Let’s start by creating a new Rust project using the cargo tool. Open a terminal window and run the following command:
cargo new ffi
This will create a new Rust project called ffi in a directory with the same name. Next, we will create a C source file called sum.c that defines a function that computes the sum of two integers. Here’s what sum.c should look like:
#include <stdio.h>
int sum(int x, int y) {
return x + y;
}
This code defines a simple function called sum that takes two integer arguments and returns their sum. We will use Rust to call this function using FFI.
Next, we need to create a Rust source file that will use FFI to call the sum function. Create a new file called src/main.rs and add the following code:
use std::os::raw::c_int;
use std::ffi::CString;
#[link(name = "sum")]
extern "C" {
fn sum(x: c_int, y: c_int) -> c_int;
}
fn main() {
let x = 1;
let y = 2;
let result = unsafe { sum(x, y) };
println!("The sum of {} and {} is {}.", x, y, result);
}
Let’s go over this code and explain how Rust’s FFI capabilities work.
The use statements at the beginning of the file import the c_int type from the std::os::raw module and the CString type from the std::ffi module. The c_int type is used to represent C int types in Rust, and the CString type is used to create null-terminated C-style strings from Rust strings.
Next, we use the #[link] attribute to link to the sum C library. The name argument specifies the name of the library, which is sum in this case. The extern “C” block declares the sum function as an external C function that takes two c_int arguments and returns a c_int result.
Inside the main function, we define two variables x and y that represent the integers to be added. We then call the sum function using the unsafe keyword, which is required when calling external functions using FFI. The result of the function call is stored in the result variable.
Finally, we use the println! macro to print the result of the computation.
To compile and run the program, we need to first compile the sum.c file into a shared library that can be linked to by Rust. Open a terminal window and run the following commands:
gcc -c -fPIC sum.c
gcc -shared -o libsum.so sum.o
The first command compiles sum.c into an object file (sum.o) with position-independent code (-fPIC). The second command links the object file into a shared library (libsum.so) that can be used by Rust.
Next, we can build and run the Rust program using the cargo tool. Open a terminal window and run the following commands:
cargo build
cargo run
The output of the program should be:
The sum of 1 and 2 is 3.
This demonstrates how Rust can use FFI to call a C library function.
Now let’s examine the code in more detail.

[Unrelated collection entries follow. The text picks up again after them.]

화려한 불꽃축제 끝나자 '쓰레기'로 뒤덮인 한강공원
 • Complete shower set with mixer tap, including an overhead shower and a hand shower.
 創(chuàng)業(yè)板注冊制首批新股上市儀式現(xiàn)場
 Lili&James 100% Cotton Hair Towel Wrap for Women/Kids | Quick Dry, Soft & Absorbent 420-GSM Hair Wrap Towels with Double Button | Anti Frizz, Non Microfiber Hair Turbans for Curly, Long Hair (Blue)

The #[link] attribute is used to link to a C library. In this case, we link to the sum library, which is defined in the sum.c file. The extern “C” block declares the sum function as an external C function that takes two c_int arguments and returns a c_int result. The c_int type is defined in the std::os::raw module and represents a C int type.

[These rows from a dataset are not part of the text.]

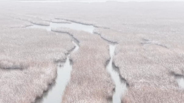 近日,河北沧州南大港湿地迎来降雪,白雪将湿地装扮成一幅银装素裹的生态画卷。当前正值候鸟迁徙期,飞舞的候鸟与皑皑白雪相映成景,尽显人与自然和谐共生的生动景象。(田金蕊、刘冲、宋文峰 沧州广播电视台供稿)
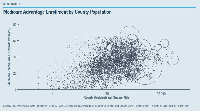 Enrollment in MA is significantly higher in urban than rural areas (Figure 3). In 2017, while the absence of insurers from the exchange in seven counties across the U.S. made headline news, MA plans were unavailable in 147 counties—even though total insurer revenues from MA are twice as great as those from the individual market.[66]
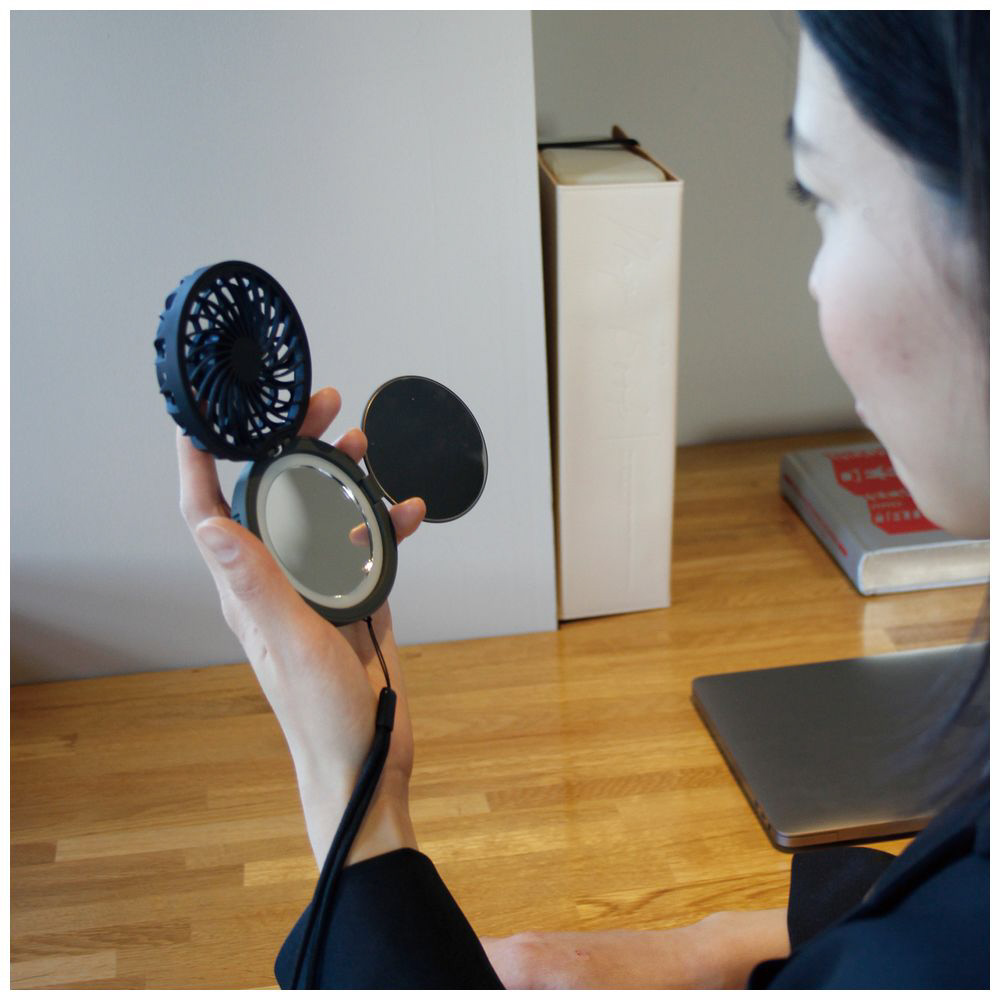 LED付きコンパクトミラーファン「ミラーファンビュラス」。

The main function defines two integer variables x and y. The unsafe keyword is used to call the sum function, which is an external C function. The result of the function call is stored in the result variable.
It’s important to note that the unsafe keyword is used because FFI involves calling code that is outside the control of the Rust compiler. This means that the Rust compiler cannot ensure the safety of the code at compile time, so it requires the programmer to explicitly mark FFI calls as unsafe.
The CString type is used to create a null-terminated C-style string from a Rust string. This is necessary because C functions often expect null-terminated strings as arguments.
Overall, Rust’s FFI capabilities provide a powerful way to interface with C and other programming languages. By using FFI, Rust programs can leverage existing C libraries and take advantage of the performance benefits of low-level languages. While FFI requires the use of unsafe code, Rust’s strong type system and memory safety guarantees help to minimize the risk of bugs and security vulnerabilities.